Sep 23, 2022 2 min read

Links / 2022-09-18

My first email to some friends on this topic; the positive response to this is part of why I decided to start the newsletter.

[Ed.: This was my first email to some friends on this topic, now in Ghost for posterity.]

GitHub Copilot developer productivity research

GH did a study on “how do developers perform with copilot?” I am unsure how representative it is, but even if only 1/10th as effective as portrayed here, many developers will adopt it.

Open Data licensing resource

“a project for AI model training with trusted dataset compliance”, subproject of LF’s lfaidata.foundation, found via SPDX’s spdx-ai subproject.

Stanford Call for norms on model release

Stanford AI project calls for figuring out how to release models. It feels to me akin to early OSI days, when OSI (briefly) talked about more than licensing; or even slightly pre-OSI days (as this, essentially, is a call for an OSI-like entity for open models).

Pertinent quote, but the paper is worth a read in its entirety:

Releasing foundation models is important since no single organization has the needed range of diverse perspectives to foresee all the long-term issues, but at the same time, release must be appropriately gated to minimize risks. The community currently lacks norms on release. Our emphasis here is that the question is not what a good release policy is, but how the community should decide. We have sketched out the foundation models review board…

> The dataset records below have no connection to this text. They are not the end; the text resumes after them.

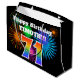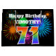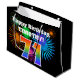This fun, vibrant gift bag design features a colourful pattern inspired by celebratory fireworks, along with the number "71" having a multicolored rainbow inspired gradient pattern, on a black coloured background. It also features a personalised name and event message, such as a birthday greeting. A gift bag like this might be used to wrap a present or gift being given in celebration of somebody’s seventy first birthday. [~Z0000328]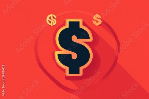 Fototapeta premium Flat vector dollar sign with a vibrant red background and bold design
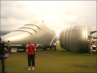 دو کفش فونبال در ابعاد بزرگ که به مناسبت برگزاری جام جهانی به نمایش گذاشته شده اند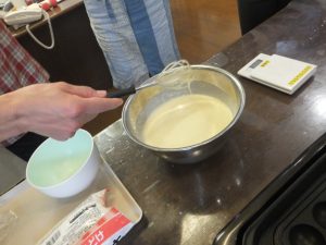 生地はパンケーキを作る材料を(ホットケーキミックス等)混ぜ合わせて・・・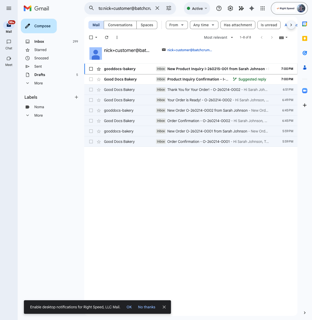 At the same time, you receive an email with the subject "New Product Inquiry [inquiry number] from [Customer Name]." This email includes: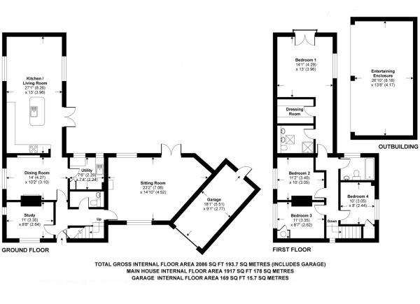 Large enclosed rear garden, primarily laid to lawn. Two large storage sheds. Rainwater taps and a large entertainment enclosure affectionately named 'The Barn' with space for seating, perfect for hosting a bbq in the summer. 'The Barn' measures 20' 10'' x 13' 8''.

CMU research on license-as-norms in deepfake space

We conducted an interview study of an AI-enabled open source Deepfake project to understand how members of that community reason about the ethics of their work. We found that notions of the “Freedom 0” to use code without any restriction … were central to how community members framed their responsibilities, and the actions they believed were and were not available to them.

This paper is very good; perhaps a little too theoretical to be useful for a practitioner but I think very helpful for anyone thinking about norms, licenses, and the interplay within them in a community that actively thinks about norms but also feels bound by open community norms that long pre-date the project.

If you’re interested, I also had a good thread with the author clarifying some points about how the paper writes about licenses v. norms:

I finished this paper today, and I'm struggling a bit with it. Specifically: in Sec. 4 you talk a lot about Freedom 0 as the source for norms, while in Sec. 3.1.1 you instead attribute the norms to the license—not broader free/open cultural expectations.
— Luis Villa (@luis_in_brief) September 7, 2022

Injection attacks and AI

We’ve spent a lot of time as a community talking about AI ethics but not a lot (yet) talking about AI security; that moment is coming. Key quote:

The more I think about these prompt injection attacks against GPT-3, the more my amusement turns to genuine concern. I know how to beat XSS, and SQL injection, and so many other exploits. I have no idea how to reliably beat prompt injection!

The AI Unbundling

There’s no explicitly open angle to this article, but it’s a good overview of how AI might really lead to massive change, in the context of things like midjourney, copilot, etc. It will ring very familiar to anyone who looked at the changes wrought by open from 1998-2018.